La brecha logística: trenes versus camiones en el comercio global

El desarrollo económico y la competitividad de las naciones modernas están intrínsecamente ligados a la eficiencia y el costo de su infraestructura de transporte. En el plano internacional, los países con economías sólidas y extensiones territoriales de gran escala concentran el movimiento de bienes industriales, granos, insumos pesados y vehículos 0 km en masivas redes ferroviarias de carga. En contraste con este estándar global, la República Argentina transita un sendero inverso, habiendo desmantelado progresivamente su entramado de vías férreas para volcar la casi totalidad de su matriz logística a las rutas mediante camiones de media y larga distancia.
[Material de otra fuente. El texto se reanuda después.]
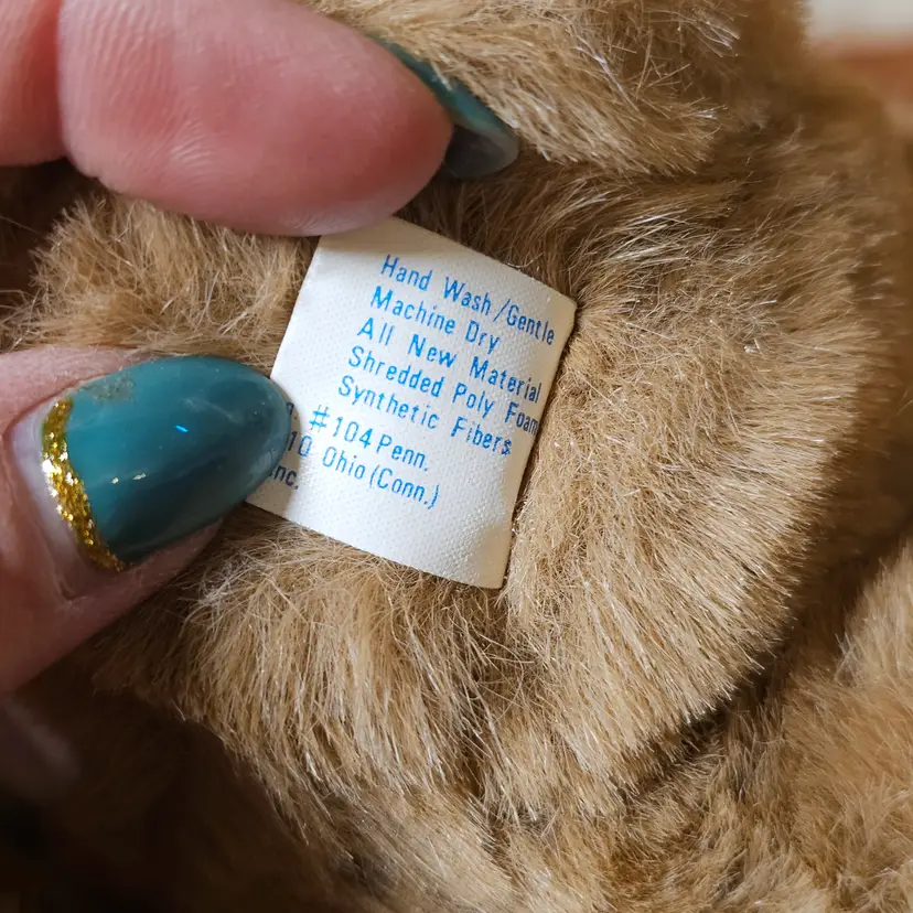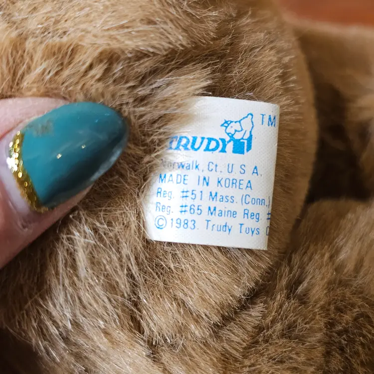 Brand: Trudy Toys Year: 1983 (tag dated) Made in Korea Clothing: FILA logo shirt and red headband (removable) Size: Approx. 12" tall (sitting height may vary) Materials: Synthetic fibers, poly foam stuffing

Esta problemática central fue puesta nuevamente en agenda por el periodista José Viñuela en una reciente crónica audiovisual para #CiberPeriodismo. A través de un registro directo desde el exterior, se exhibe cómo las formaciones ferroviarias de alta capacidad trasladan flotas enteras de automóviles nuevos, materias primas y contenedores a costos notablemente inferiores, planteando un interrogante fundamental sobre las decisiones políticas y corporativas que condenaron al sistema de trenes nacional a su mínima expresión.
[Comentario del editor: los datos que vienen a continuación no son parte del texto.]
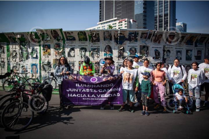 CIUDAD DE MÉXICO, 20ABRIL2025.- Colectiva Luciérnagas de personas en búsqueda de sus familiares víctimas de desaparición forzada acompañados de artistas y ciclistas realizan por segundo año la rodada por las familias que buscan. El punto de salida fue la glorieta de personas desaparecidas y el segundo la Fiscalía donde realizaron pega de carteles de búsqueda, la jornada terminará en Tacuba con una tarde de arte. FOTO: ANDREA MURCIA /CUARTOSCURO.COM
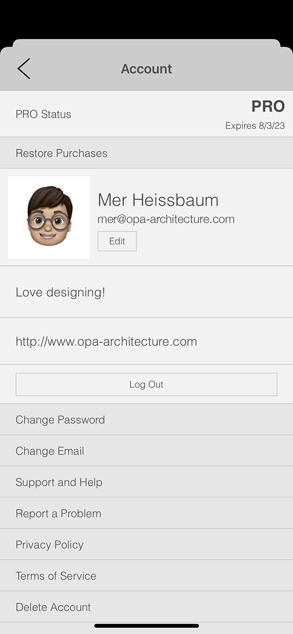 Use this section to edit your Morpholio account picture, personal description, and website. If you need to switch Morpholio accounts, just tap "Log Out". You can also change your Morpholio account password or email here too.

El desmantelamiento histórico del ferrocarril argentino

La red de ferrocarriles en la Argentina llegó a contar a mediados del siglo XX con más de 47.000 kilómetros de vías operativas, consolidándose como una de las redes más extensas del hemisferio sur y articulando pueblos, economías regionales y puertos de ultramar. Sin embargo, a partir de sucesivos planes de racionalización y las privatizaciones de la década del 90 bajo el lema "ramal que para, ramal que cierra", el tendido quedó reducido a una fracción marginal, clausurando corredores enteros y aislando a comunidades del interior productivo.
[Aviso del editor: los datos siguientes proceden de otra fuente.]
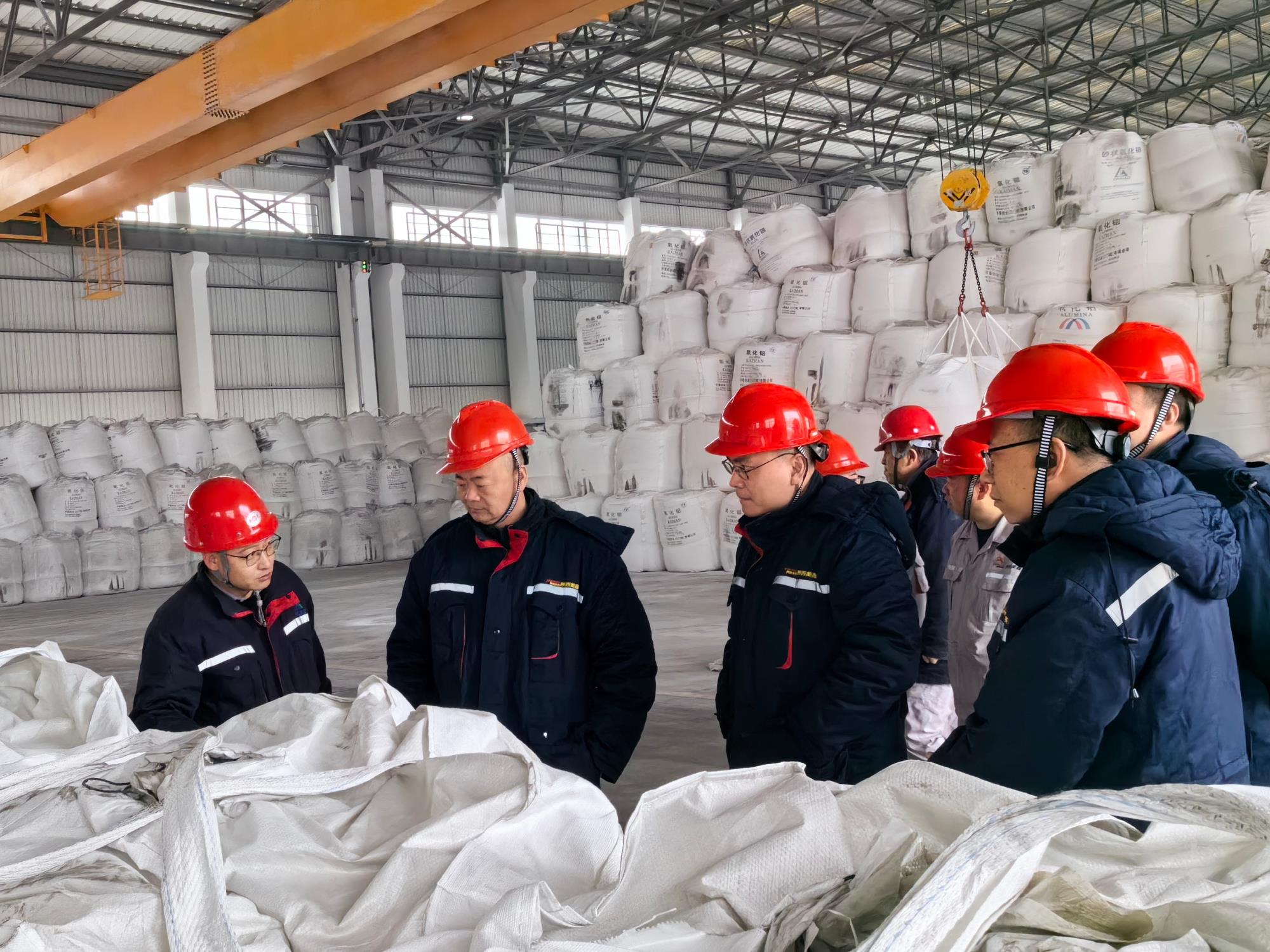 在鋁鎂合金分公司凈化供料車間氧化鋁倉(cāng)庫(kù),吳迪一行詳細(xì)詢問(wèn)了氧化鋁原料的儲(chǔ)備、安全管理等情況,仔細(xì)查看物料存放環(huán)境與設(shè)備運(yùn)行狀態(tài),強(qiáng)調(diào)必須做到安全庫(kù)存、優(yōu)質(zhì)保供、管理精細(xì)。

De acuerdo con la mirada crítica vertida en el informe, las sucesivas administraciones gubernamentales justificaron el abandono de la infraestructura bajo argumentos de inviabilidad financiera o déficit operativo, mientras cedían ante intereses concentrados:

  • Presiones corporativas y negociados: Acuerdos sectoriales que favorecieron la concentración del transporte en el autotransporte de cargas por sobre la eficiencia modal combinada.
  • Falta de visión estratégica: Ausencia de políticas de Estado a largo plazo para modernizar el tendido de rieles y electrificar los troncales estratégicos de carga.
  • Desinversión en material rodante: Abandono del mantenimiento de locomotoras y vagones, provocando el colapso del servicio interurbano de pasajeros y de carga general.

Impacto en los costos productivos y el precio final de los bienes

El traslado masivo de cargas por vía automotor genera distorsiones severas en la economía argentina. El costo por tonelada transportada por kilómetro en camión resulta entre tres y cuatro veces más elevado que el transporte mediante ferrocarril, lo que encarece de forma directa tanto las exportaciones del agro y la industria como la canasta de consumo básica de los ciudadanos.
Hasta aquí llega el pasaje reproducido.